Write the data out again exactly, dropping any images it holds.

(Recorded data)
((
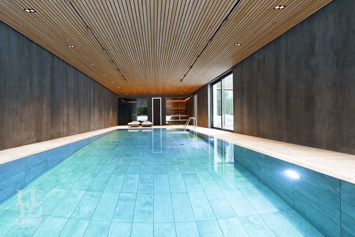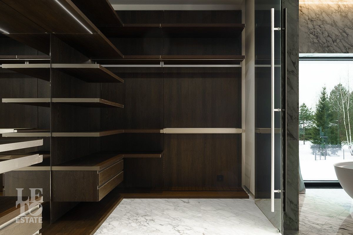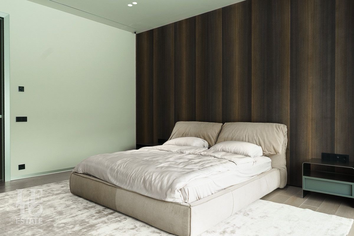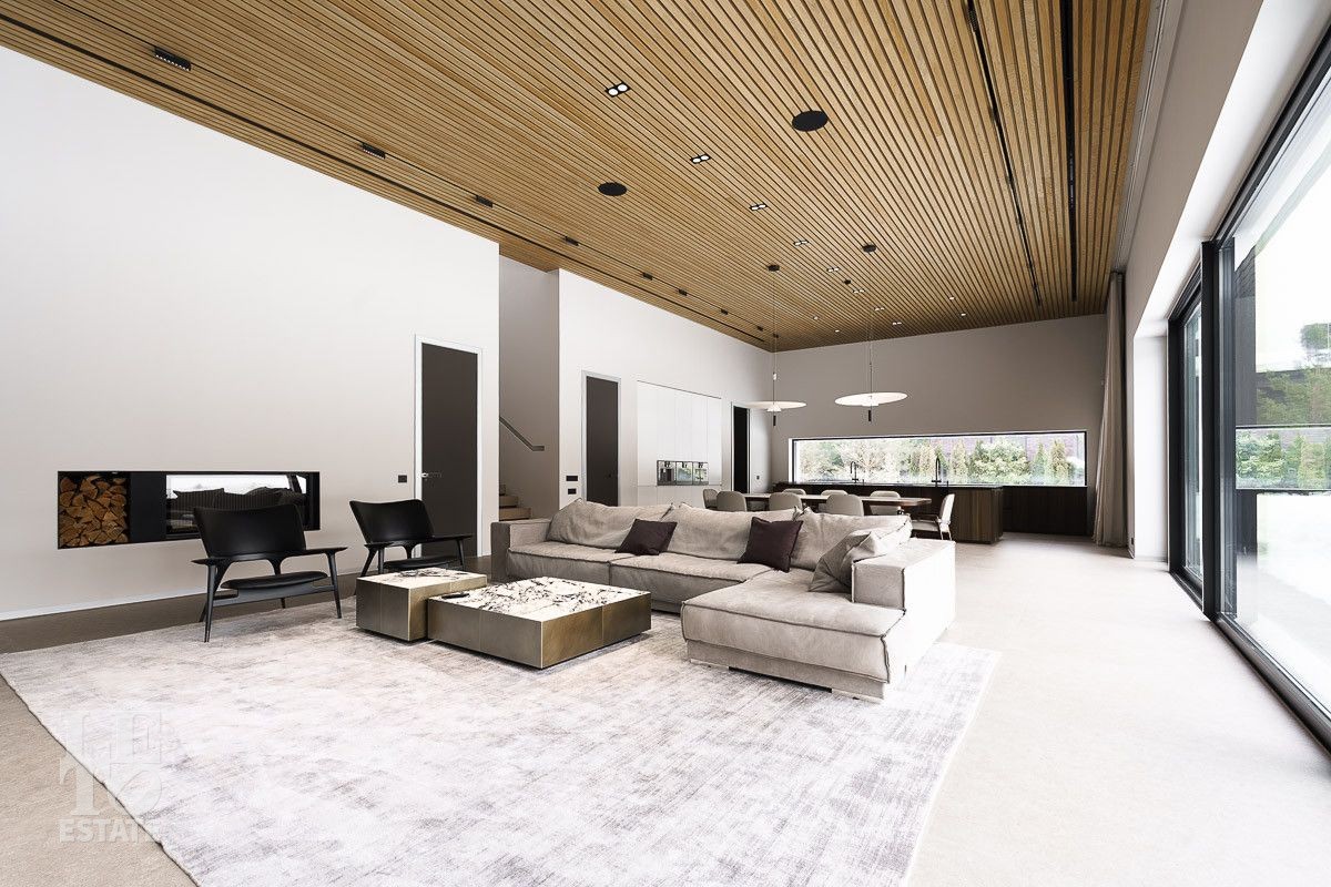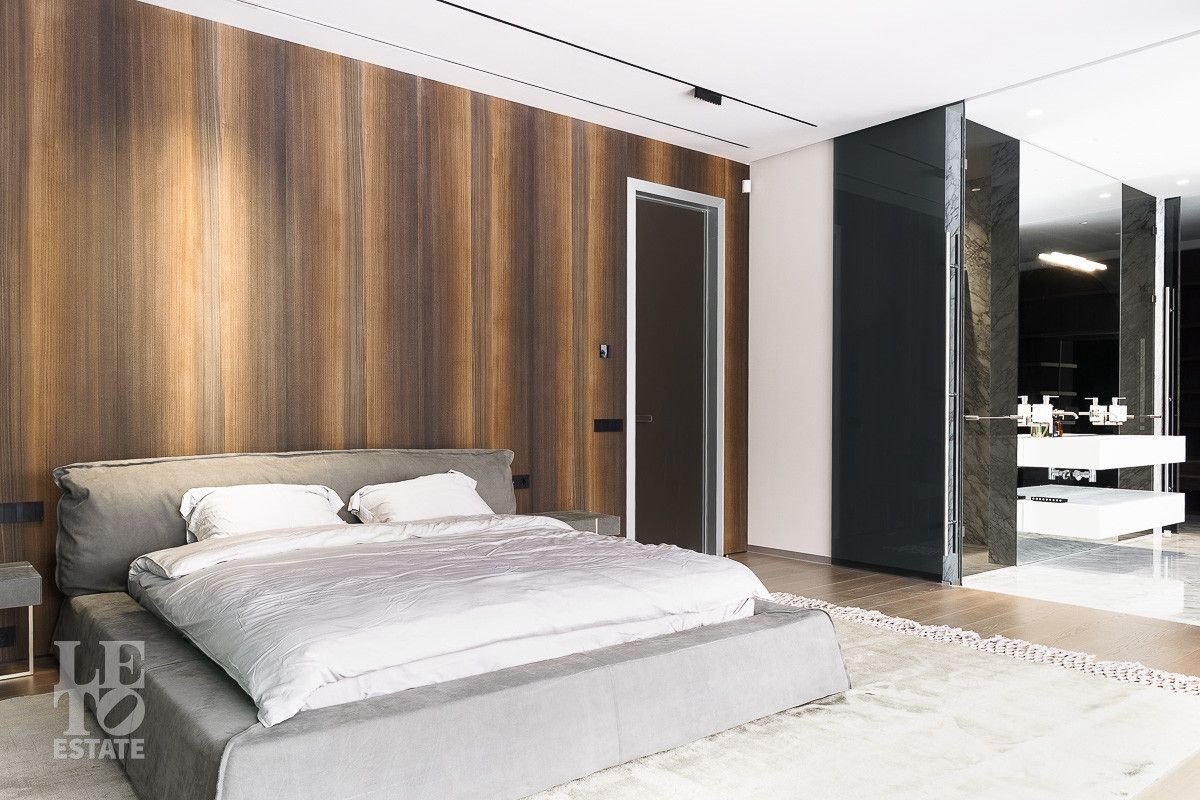 В доме выполнена отделка по индивидуальному проекту, в современном стиле с использованием дорогих, качественных материалов. Благодаря высоким потолкам и большим окнам в пол пространство наполнено воздухом и светом. Эксклюзивные дизайнерские решения придают уникальность внутреннему пространству дома. Из всех окон открывается потрясающий вид на участок. Гараж идеально интегрирован в архитектурный контур здания.
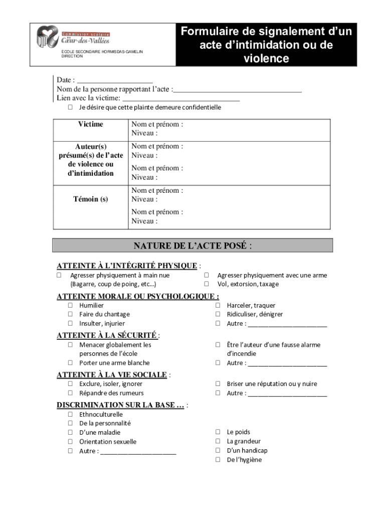 COLE SECONDARY HORMISDASGAMELIN DIRECTIONFormulaire de signalmen dun acted intimidation of de violenceDate : Not DE la personnel rapport ant late : Lien Alec la victim: Jed sire Que Bette plaint demure
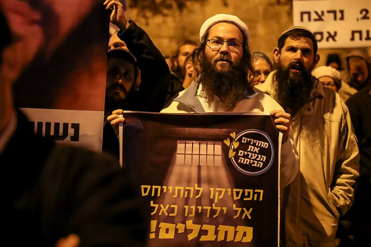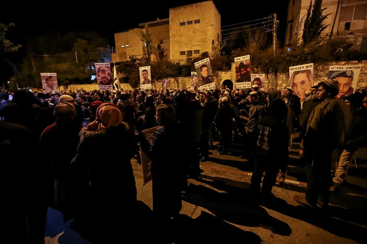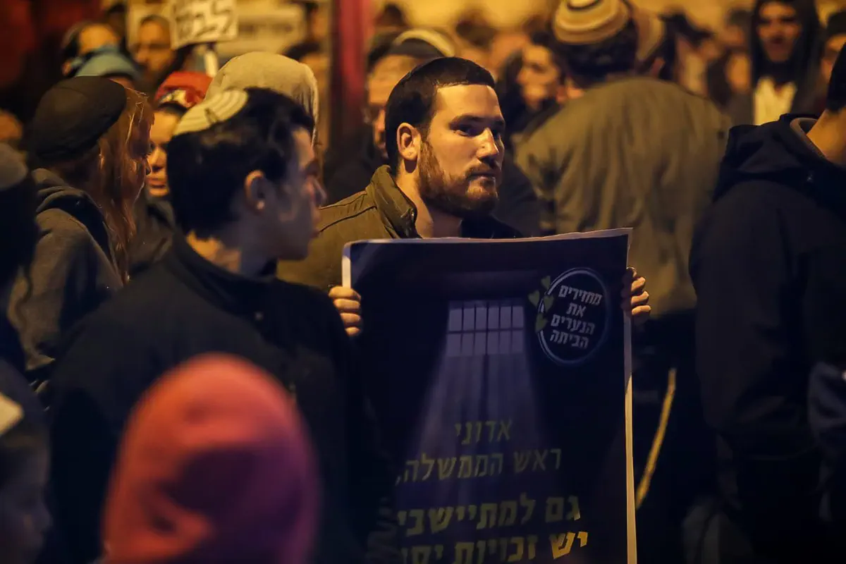 כאלף איש מפגינים הערב (מוצאי שבת) מול בית ראש הממשלה בנימין נתניהו במחאה על מעצר הנערים בשב"כ.
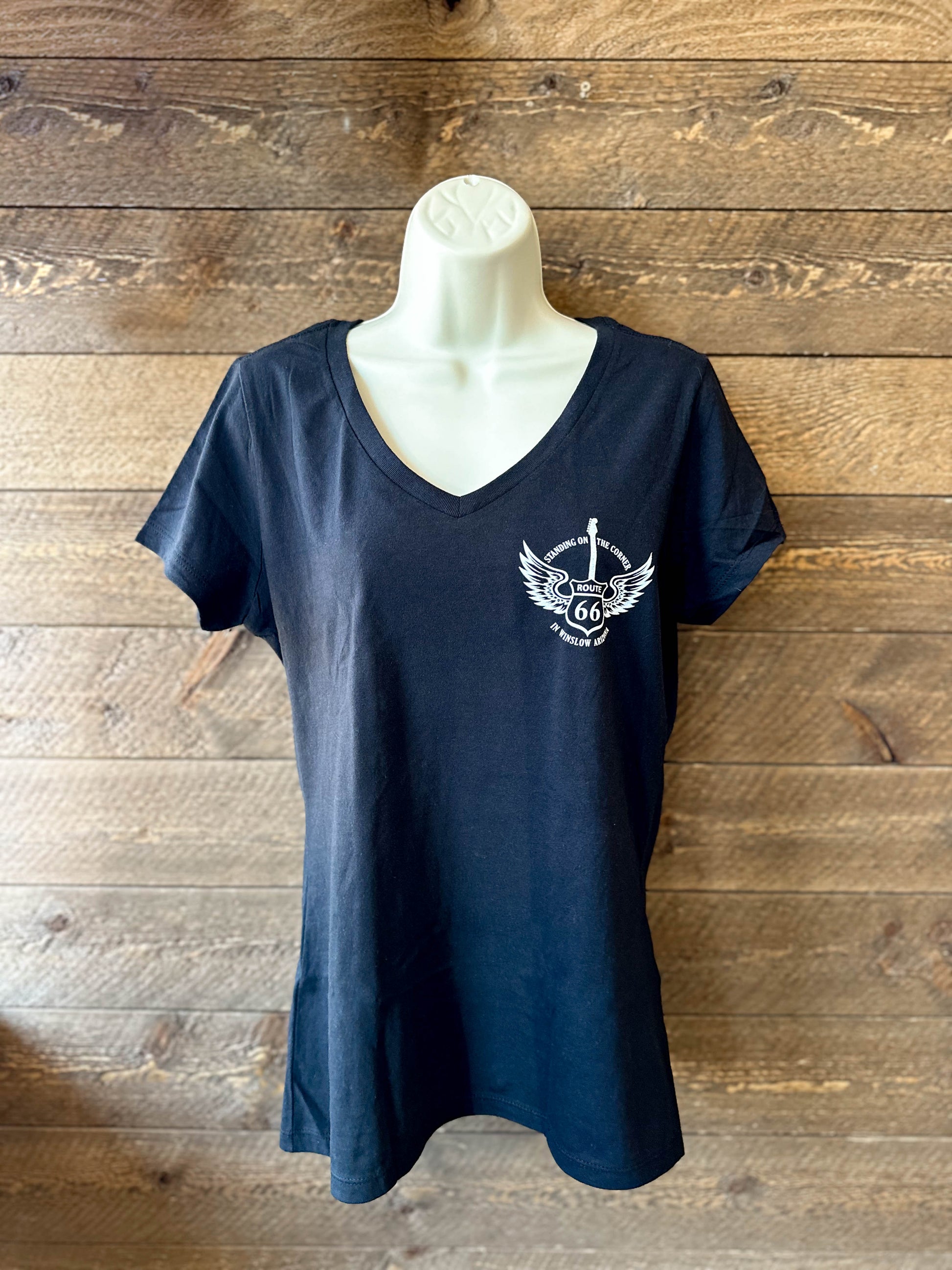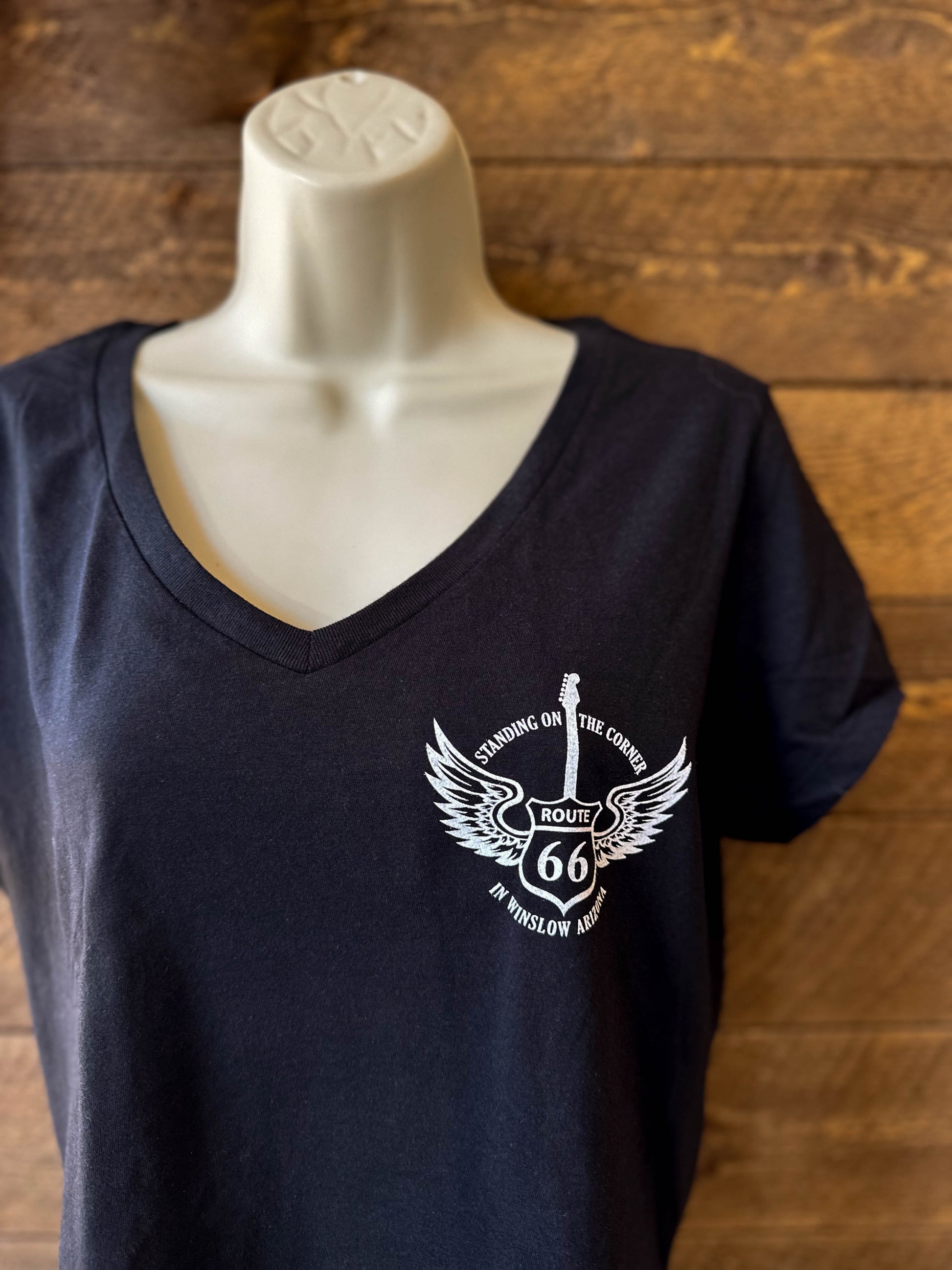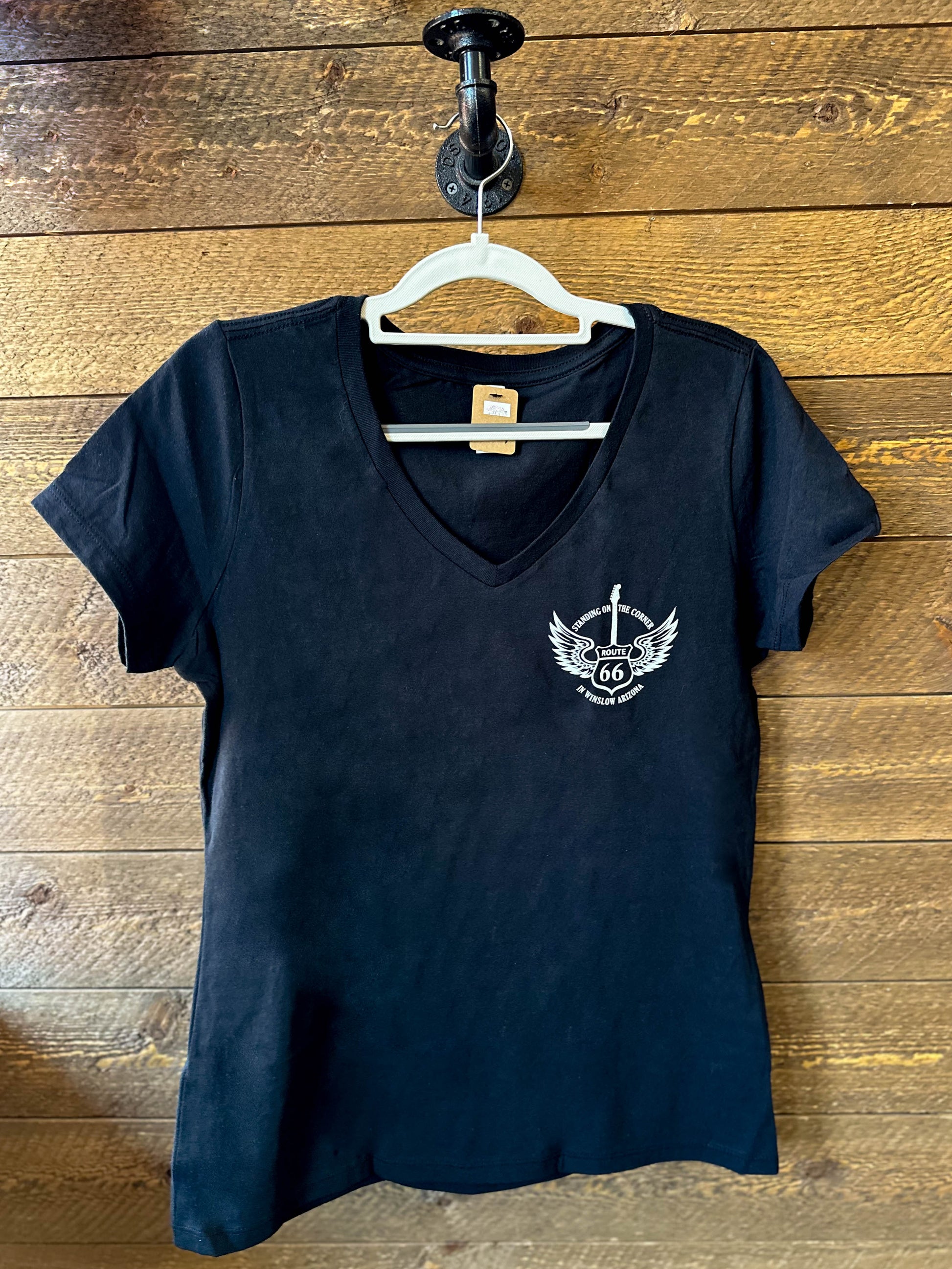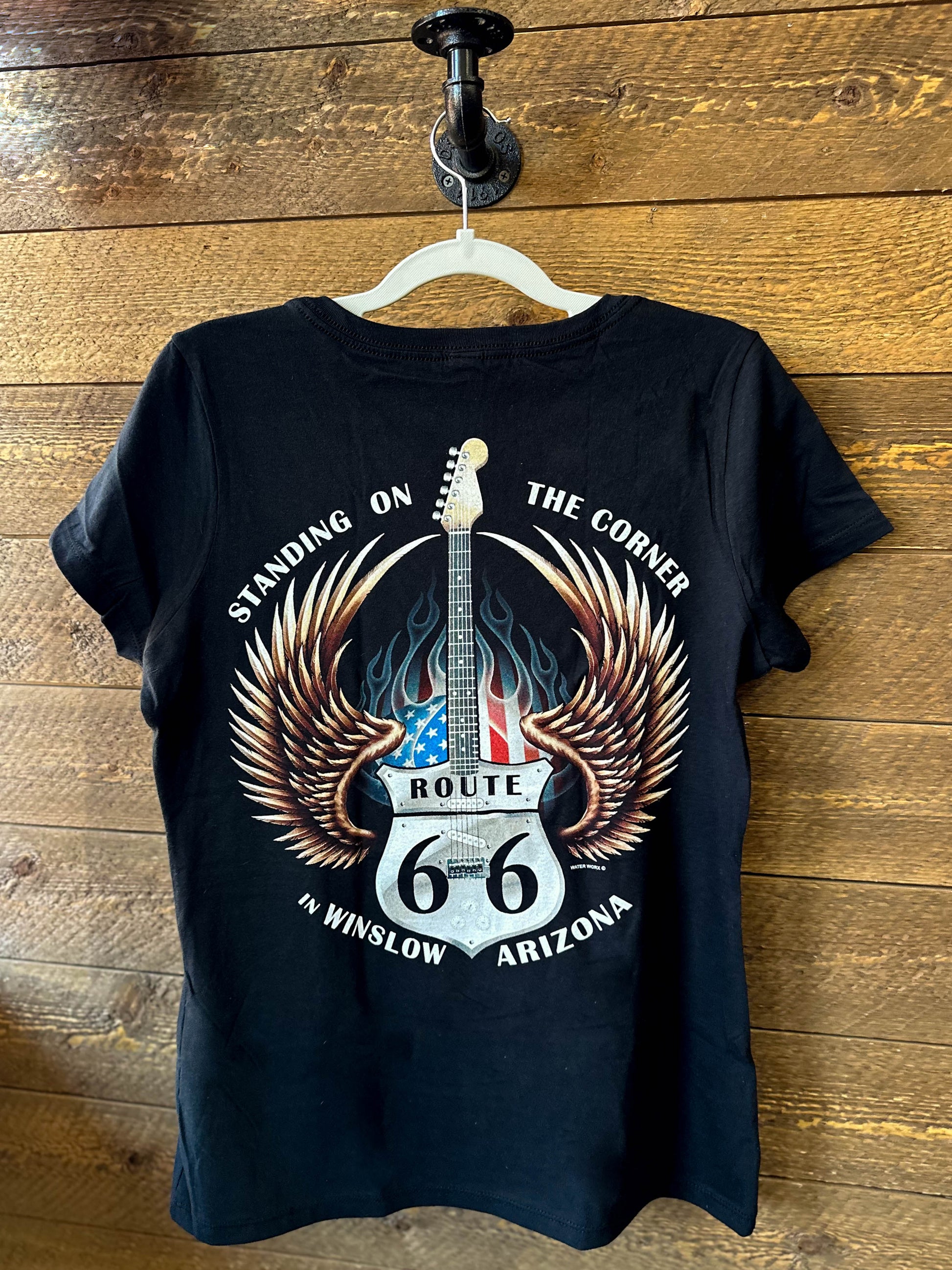 This tee is our original design done in house by the owner of our business. It's still our best seller to this day! The front says "Standin' on the corner in Winslow, Arizona" with the guitar wings design. The back is full of design and color, with a similar design but multi-colored with wings, flames, flag, shields... literally everything you could want in a Tee. We are obsessed!
))
(Exercise result)
 В доме выполнена отделка по индивидуальному проекту, в современном стиле с использованием дорогих, качественных материалов. Благодаря высоким потолкам и большим окнам в пол пространство наполнено воздухом и светом. Эксклюзивные дизайнерские решения придают уникальность внутреннему пространству дома. Из всех окон открывается потрясающий вид на участок. Гараж идеально интегрирован в архитектурный контур здания.
 COLE SECONDARY HORMISDASGAMELIN DIRECTIONFormulaire de signalmen dun acted intimidation of de violenceDate : Not DE la personnel rapport ant late : Lien Alec la victim: Jed sire Que Bette plaint demure
 כאלף איש מפגינים הערב (מוצאי שבת) מול בית ראש הממשלה בנימין נתניהו במחאה על מעצר הנערים בשב"כ.
 This tee is our original design done in house by the owner of our business. It's still our best seller to this day! The front says "Standin' on the corner in Winslow, Arizona" with the guitar wings design. The back is full of design and color, with a similar design but multi-colored with wings, flames, flag, shields... literally everything you could want in a Tee. We are obsessed!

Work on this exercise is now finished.